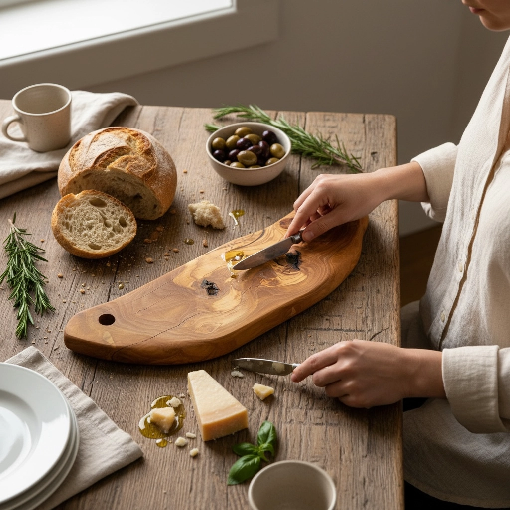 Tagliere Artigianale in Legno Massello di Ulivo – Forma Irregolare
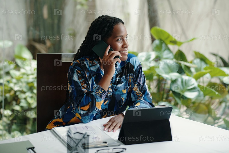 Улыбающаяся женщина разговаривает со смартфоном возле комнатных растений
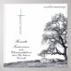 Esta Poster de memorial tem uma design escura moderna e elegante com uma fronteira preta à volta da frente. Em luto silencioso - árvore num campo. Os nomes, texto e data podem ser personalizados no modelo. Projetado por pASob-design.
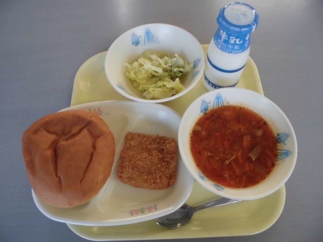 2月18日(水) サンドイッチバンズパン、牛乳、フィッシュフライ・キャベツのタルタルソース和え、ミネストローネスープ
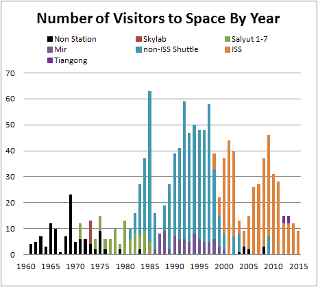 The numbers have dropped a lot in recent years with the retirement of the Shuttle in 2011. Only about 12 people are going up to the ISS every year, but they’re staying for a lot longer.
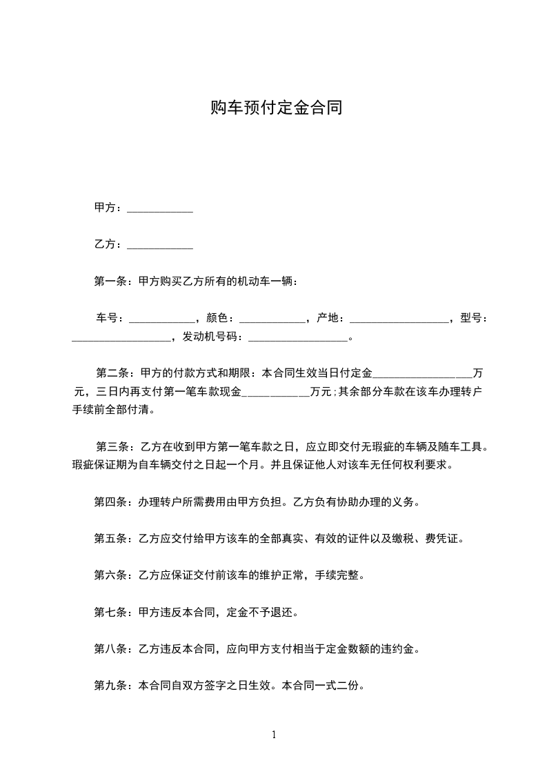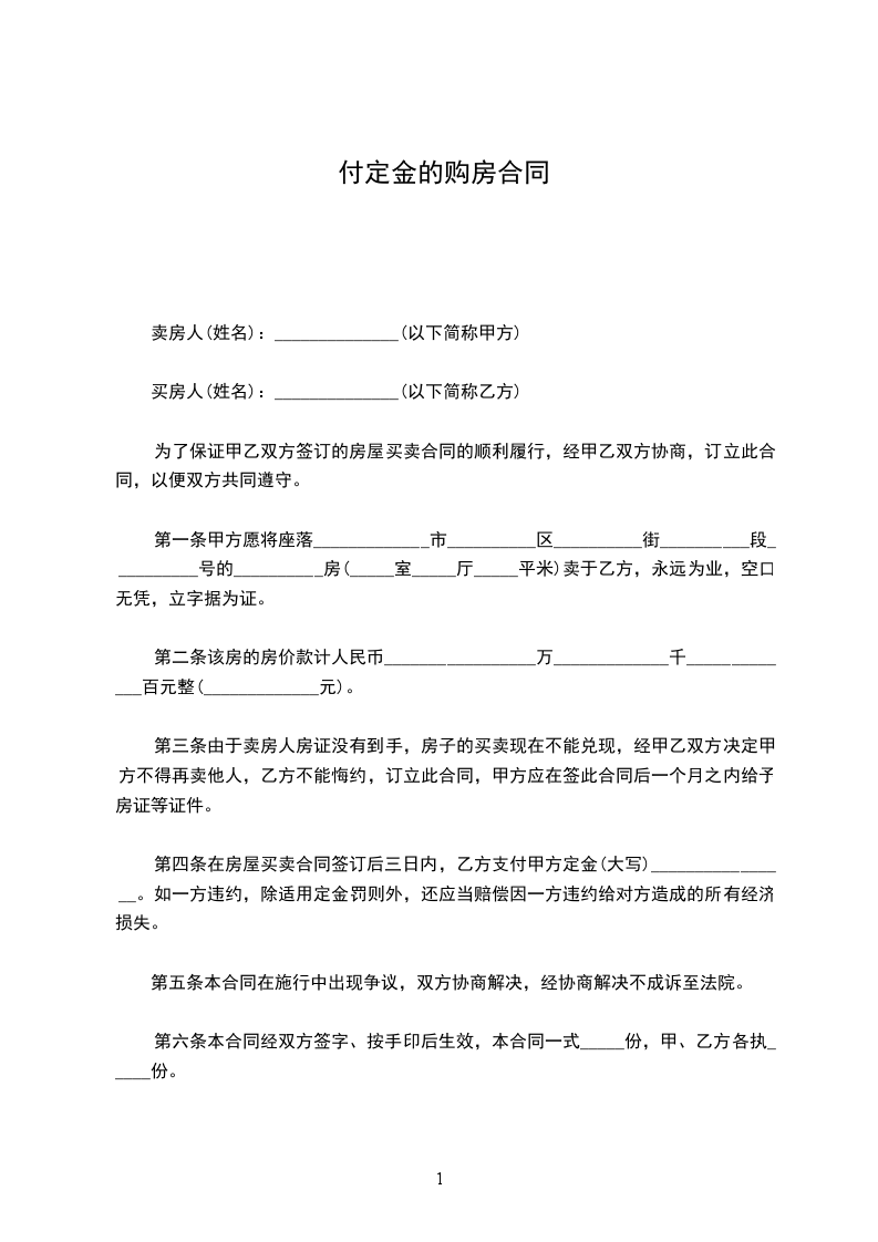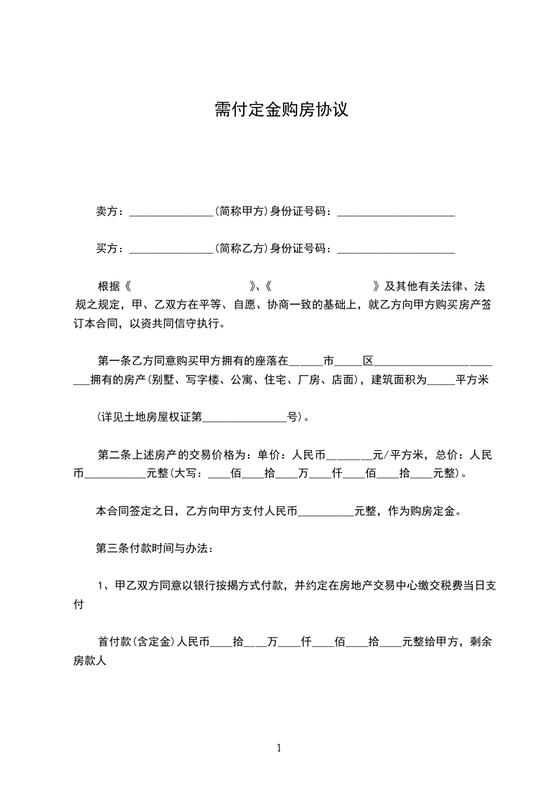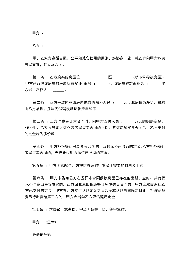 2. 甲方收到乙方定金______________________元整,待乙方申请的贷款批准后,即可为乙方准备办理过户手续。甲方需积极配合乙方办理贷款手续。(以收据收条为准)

...

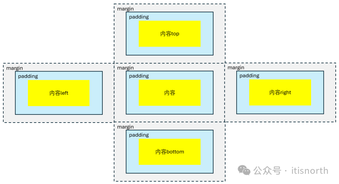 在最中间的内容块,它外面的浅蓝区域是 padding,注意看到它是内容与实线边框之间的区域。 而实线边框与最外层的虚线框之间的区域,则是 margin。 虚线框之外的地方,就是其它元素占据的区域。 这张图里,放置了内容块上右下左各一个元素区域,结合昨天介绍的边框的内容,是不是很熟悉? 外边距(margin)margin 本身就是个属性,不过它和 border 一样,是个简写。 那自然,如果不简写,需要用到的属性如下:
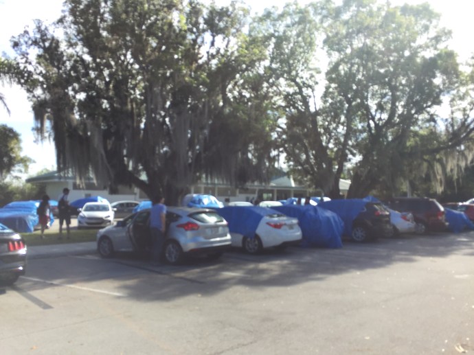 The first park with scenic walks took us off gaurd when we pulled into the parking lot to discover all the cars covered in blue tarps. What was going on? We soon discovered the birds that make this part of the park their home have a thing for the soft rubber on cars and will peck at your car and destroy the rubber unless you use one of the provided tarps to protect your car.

EXERCISE DESCRIPTION: Working from the entries above, please transcribe only the lines from the line with "2月18日(水) サンドイッ" through the line with "2. 甲方收到乙方定金___", exactly, with both end lines and without pictures.

OUTPUT OF THE TASK:
 2月18日(水) サンドイッチバンズパン、牛乳、フィッシュフライ・キャベツのタルタルソース和え、ミネストローネスープ
 The numbers have dropped a lot in recent years with the retirement of the Shuttle in 2011. Only about 12 people are going up to the ISS every year, but they’re staying for a lot longer.
 2. 甲方收到乙方定金______________________元整,待乙方申请的贷款批准后,即可为乙方准备办理过户手续。甲方需积极配合乙方办理贷款手续。(以收据收条为准)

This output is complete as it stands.